Y el arte, al fin, que aquí también tiene sede y atril de nota: ermitas de gran aparato pétreo, ‑no es la menor la de la Virgen de Castejón, vigilante hoy de «los Cuatro Caminos»‑ y la iglesia parroquial, donde el arte manierista de nuestro siglo XVII cuajó en la curiosa portada trazada por Pedro de Villa. Su interior, recio y frío se llena con algunas notas de elevado interés, llevando la palma, sin lugar a dudas, ese «Cristo recogiendo sus vestiduras» que pintó Zurbarán en 1661, en uno de sus claroscuros más sorprendentes y patéticos. Pieza digna de figurar en la mejor pinacoteca del mundo, y  que expresa las cotas altísimas de la pintura hispana en el Siglo de Oro, inalcanzadas hasta ahora. Un Cristo en talla de Pedro de Mena, y algunas estatuas yacentes y escudos nobiliarios completan el repertorio de arte mueble de esta iglesia jadraqueña, en la que da su presencia y su presidencia dorada el gran retablo barroco.
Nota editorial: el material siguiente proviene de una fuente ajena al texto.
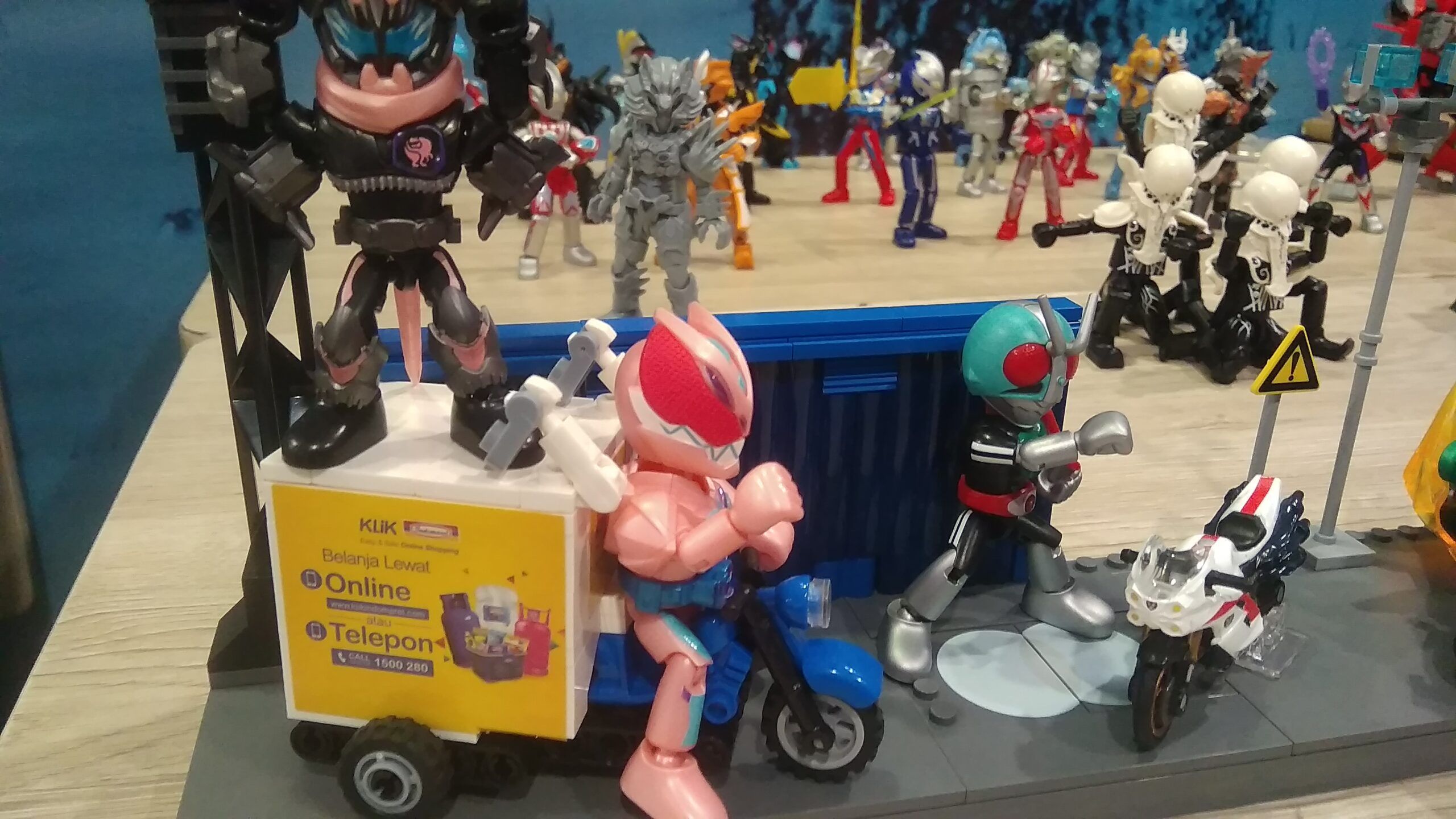 Melanjut kita ke Booth Mecha Musume, di sini kita mengambil banyak foto-foto display diorama action figures. Dan sangat mengejutkan kitapun dikasih sebuah challenge untuk bermain Ultraman Card Game. Meskipun baru pertama kali mencoba bermain tapi kami berhasil memenangkan challenge tersebut dan memenangkan hadiah satu pack Ultraman Card Game, lengkap dengan semua kartu dan areanya. Tidak lupa kami juga sempat mengunjungi Samarinda Diecast, dan diizinkan untuk foto-foto diorama miniatur di sana. Mobil diecast yang ada di foto adalah mobil diecast milik dari tim KAORI Samarinda, yakni diecast Hotwheels dan Majorette.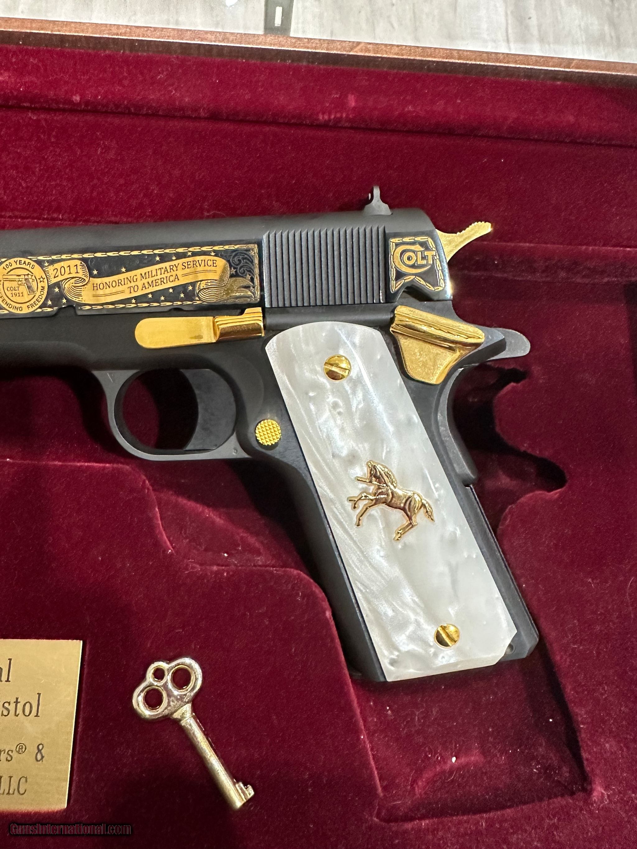 Description: Guns Listing ID: 1118468 Colt 1911 centennial tribute with engraving and gold inlay. With white pearl grips and gold colt pony. With wooden locking display case SOLD Manufacturer: COLT Model: Centennial Anniversary 1911 Tribute Pistol Caliber Info: .45 ACP Condition: Used - Non-Certified Barrels: 5 BARREL Finish: BLUED W/ ENGRAVING |

Estas notas, trazadas con la urgencia de un anuncio, pues tratan de convocar mañana en Jadraque a cuantos hacen de la provincia de Guadalajara uno más entre sus seres queridos, quieren ser sólo la pauta, el guión, la palabra primera de un recorrido largo y denso, pleno en satisfacciones y sorpresas. Pues Jadraque es hondón y es alta peña a un mismo tiempo, no cabe duda que tiene posibilidades de guardar un interés muy grande para todos. Lo ha hecho en el pasado, y lo hará en adelante, en permanente lección de vida.